Employers Using Facebook for Background Checking, Part III

Employment decisions based on information from social networking sites such as MySpace and Facebook raise many interesting legal questions. Today, I’ll look at a few possible discrimination issues that suggest such sources should be used with caution.

In Part II of this series, I cautioned against the risk of thinking that old wisdom no longer applies in the Internet Age and thus forgetting key lessons learned long ago in connection with other means of communication.

Today, another example:

Conventional Wisdom

In employee recruiting and hiring, there is such a thing as “too much information.” Some facts should remain unknown; knowledge can be used as evidence of bias, while ignorance can be a great defense to a discrimination claim.

Internet Truth

The same principles apply. But now, with so much information easily available on the Internet, there is a powerful temptation to ignore the conventional wisdom and risk obtaining “too much information.”

The Mix of Information on Social Network Sites

Personal profiles on social network sites like MySpace and Facebook typically contain a seamless combination of the type of facts that would be on a resume with much more personal, non-job-related information.

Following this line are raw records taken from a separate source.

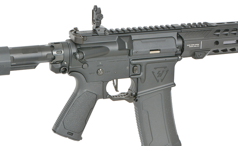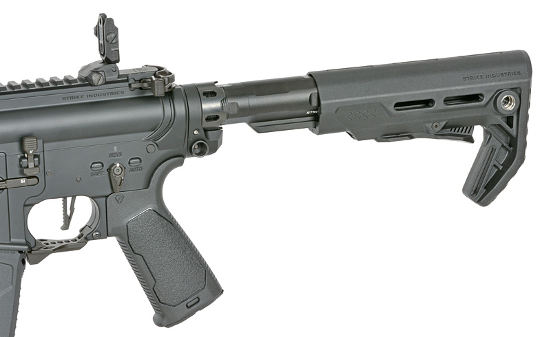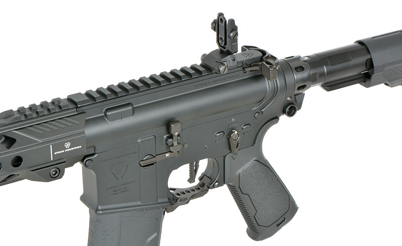 Upgraded components include the Strike Industries buffer tube nut, back plate, buffer tube, and an ambidextrous Strike fire selector for quick fire mode changes. The redesigned Fang trigger guard improves handling during dynamic gameplay.
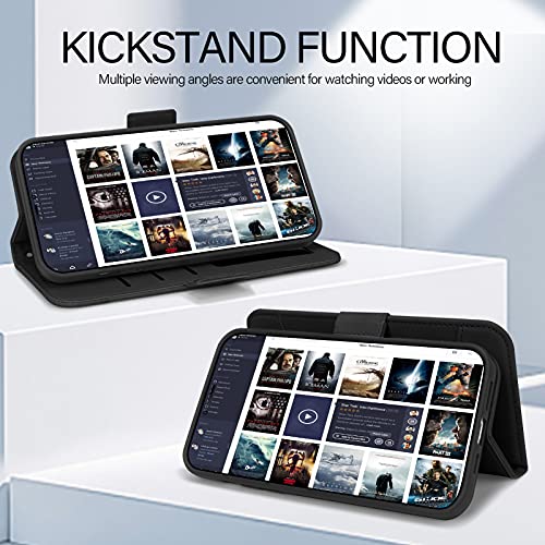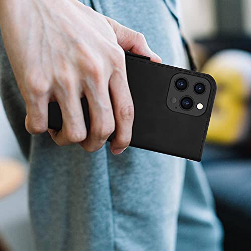 FYY iPhone 13 Pro Max Custodia 5G,Cover per iphone 13 Pro Max 6.7'' 2021,con [chiusura magnetica][supporto per ricarica wireless] [portacarte]flip case tramite custodia in pelle,Nero
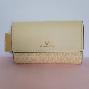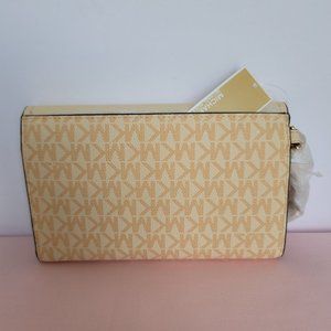 BRAND NEW WITH TAGS. Buttermilk color. A large sized trifold flap-over wristlet/wallet with snap-closure with plenty of pockets to keep your essentials organized is perfect for on-the-go lifestyle. Crafted of colorblocked Signature logo Polyvinyl chloride/ PVC. Features an ID window, a Tech-friendly pocket, a large zip-pocket plus more. It comes with a detachable MK Charm logo strap to carry as a wristlet or inside a larger bag.
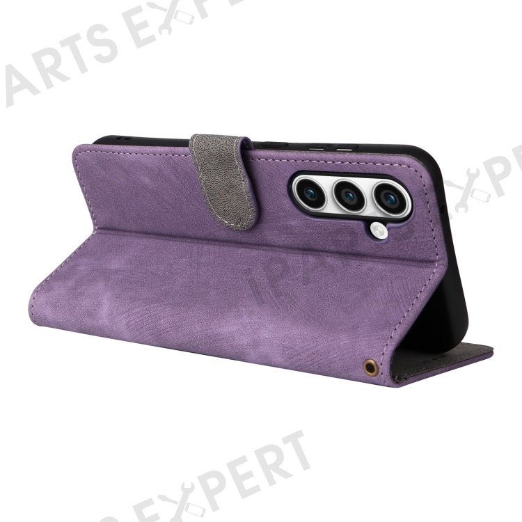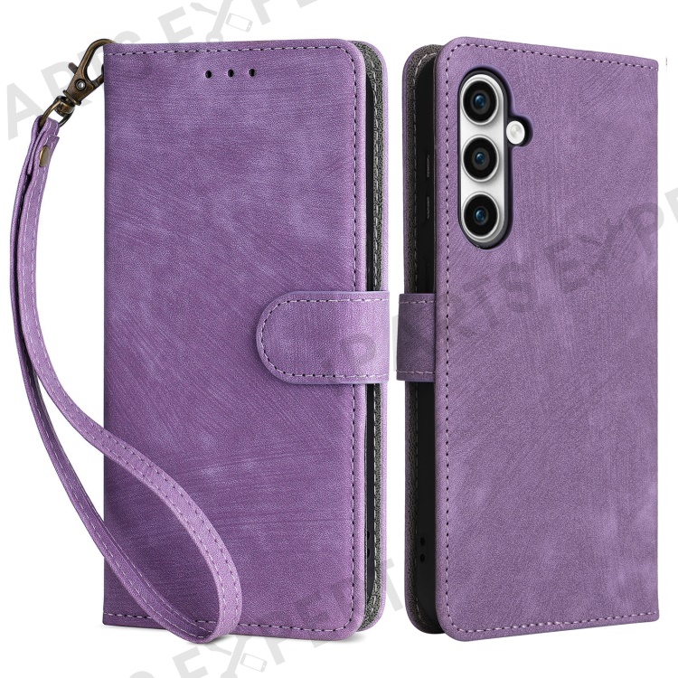 For Samsung Galaxy S23 FE RFID Blocking Wallet Stand PU Leather Case Cell Phone Cover with Strap - Purple
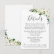 Avise aos seus hóspedes sobre os detalhes do casamento com nossa flor branca e detalhes do casamento verde. O texto é completamente personalizável - se você precisar alterar a fonte, a cor da fonte, o tamanho ou o posicionamento das caixas de texto, basta clicar no botão "Clique para personalizar mais" para alterar esses itens. Certifique-se de verificar nossa grande seleção de itens coordenadores navegando na coleção de Casamento Floral Branco Moderno!
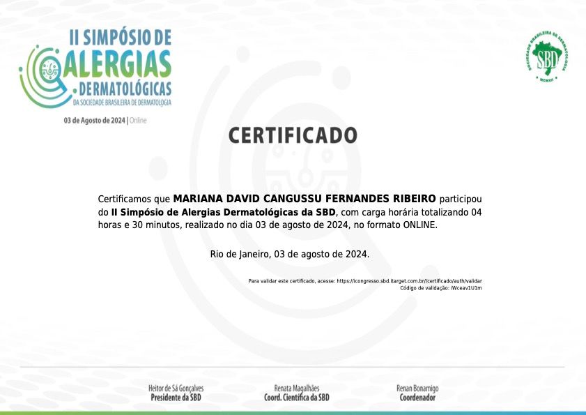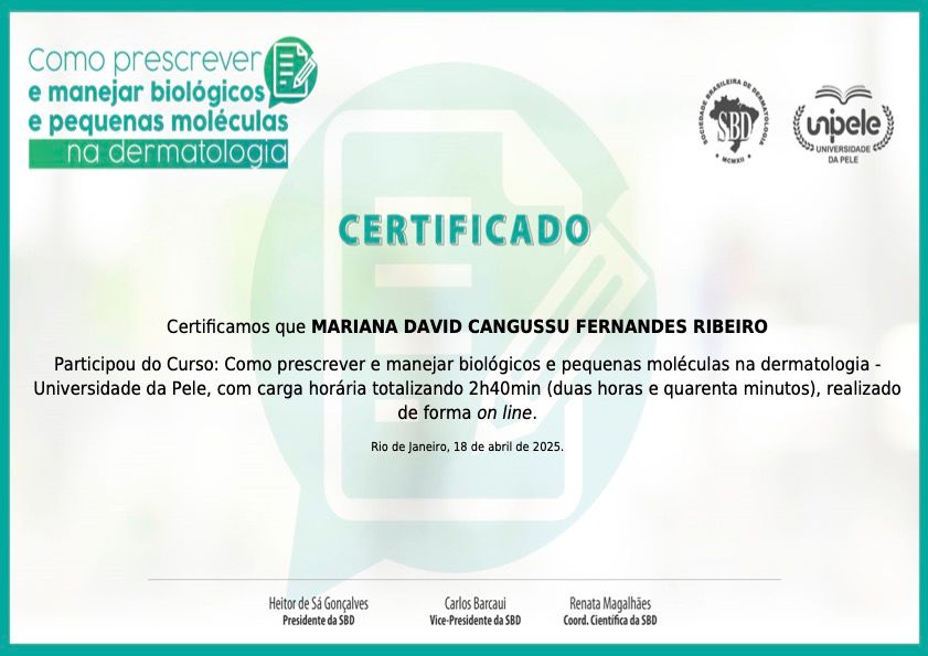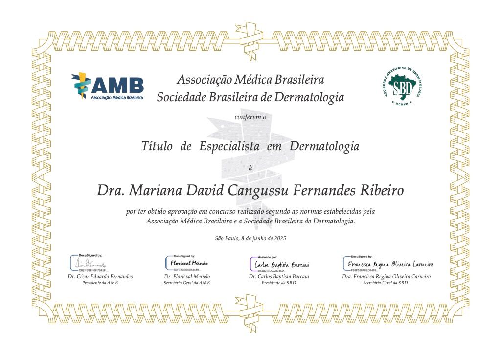 Residência Médica em Dermatologia pelo Hospital das Clínicas da UFMG.
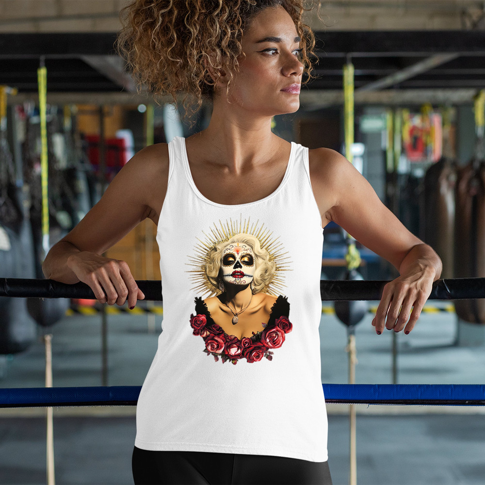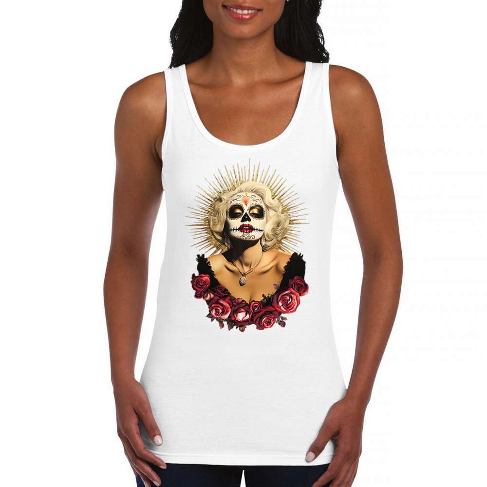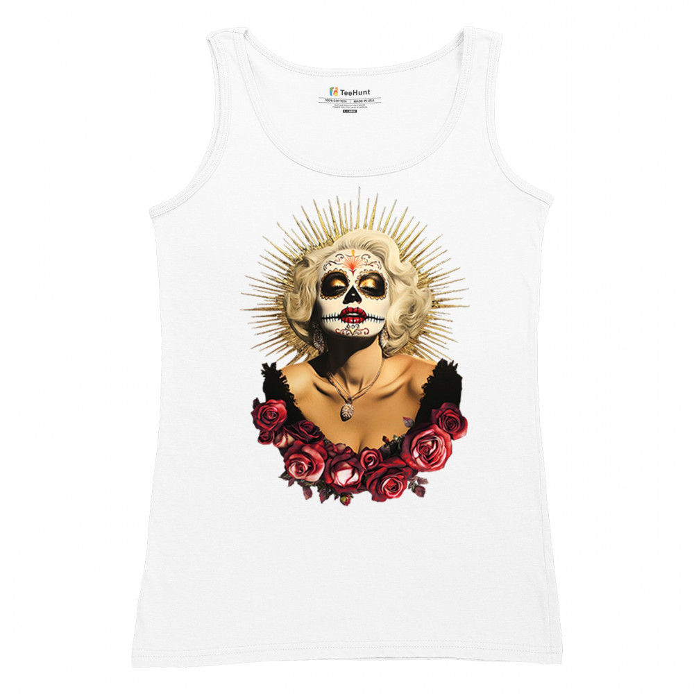 This bold and beautiful sugar skull design features a glamorous calavera woman crowned in a golden halo and framed by roses. A divine tribute to Dia de los Muertos, this look blends vintage glam, Latin culture, makeup artistry, and sacred symbolism. Perfect for fans of gothic beauty, Halloween, and heritage expression.

For example, looking at a potential employee’s profile, one may see information on their education, work history, and career interests, alongside lists of their favorite music and movies, vacation and party photos, family information, blog entries, links to profiles of their friends, and much more.

Conventional Wisdom on Limiting Information Obtained Regarding Potential Employees

Under the conventional wisdom, human resource professionals and others conducting employment interviews are trained to avoid certain types of questions. Contrary to what many believe, most such questions are not strictly speaking illegal. Rather, they are inadvisable because there is no legitimate, job-related reason for asking them, and they are suggestive of unlawful discriminatory motives.

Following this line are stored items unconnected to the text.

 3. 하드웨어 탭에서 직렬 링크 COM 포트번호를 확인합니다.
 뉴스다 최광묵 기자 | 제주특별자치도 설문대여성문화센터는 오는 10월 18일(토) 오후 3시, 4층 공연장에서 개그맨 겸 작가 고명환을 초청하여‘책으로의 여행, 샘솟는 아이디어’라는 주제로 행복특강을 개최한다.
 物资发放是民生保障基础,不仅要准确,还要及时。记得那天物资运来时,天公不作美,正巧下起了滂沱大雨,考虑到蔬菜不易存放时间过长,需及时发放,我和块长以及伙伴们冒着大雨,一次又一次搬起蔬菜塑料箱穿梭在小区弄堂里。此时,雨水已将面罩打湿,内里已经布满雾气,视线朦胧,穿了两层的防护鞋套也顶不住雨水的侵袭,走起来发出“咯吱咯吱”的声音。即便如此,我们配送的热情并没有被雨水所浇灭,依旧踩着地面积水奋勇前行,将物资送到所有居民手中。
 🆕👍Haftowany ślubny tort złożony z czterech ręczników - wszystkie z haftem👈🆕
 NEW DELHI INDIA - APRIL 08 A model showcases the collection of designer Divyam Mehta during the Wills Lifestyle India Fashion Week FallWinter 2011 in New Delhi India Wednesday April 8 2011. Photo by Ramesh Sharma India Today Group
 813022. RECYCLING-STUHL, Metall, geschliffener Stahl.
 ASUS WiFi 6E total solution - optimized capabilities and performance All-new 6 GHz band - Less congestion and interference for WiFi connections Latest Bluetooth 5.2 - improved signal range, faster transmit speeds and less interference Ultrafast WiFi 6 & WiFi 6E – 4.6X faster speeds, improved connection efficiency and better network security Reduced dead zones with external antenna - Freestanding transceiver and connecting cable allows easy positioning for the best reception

For example, one should not ask applicants about their age, marital status, or whether they have children. Doing so suggests intent to discriminate on the basis of age or sex (if male applicants are not asked the same family-related questions).

The flipside is that ignorance of facts related to legally protected characteristics (race, sex, age, etc.) may be a powerful defense to a discrimination charge. (One can’t have based a decision on an unknown fact.)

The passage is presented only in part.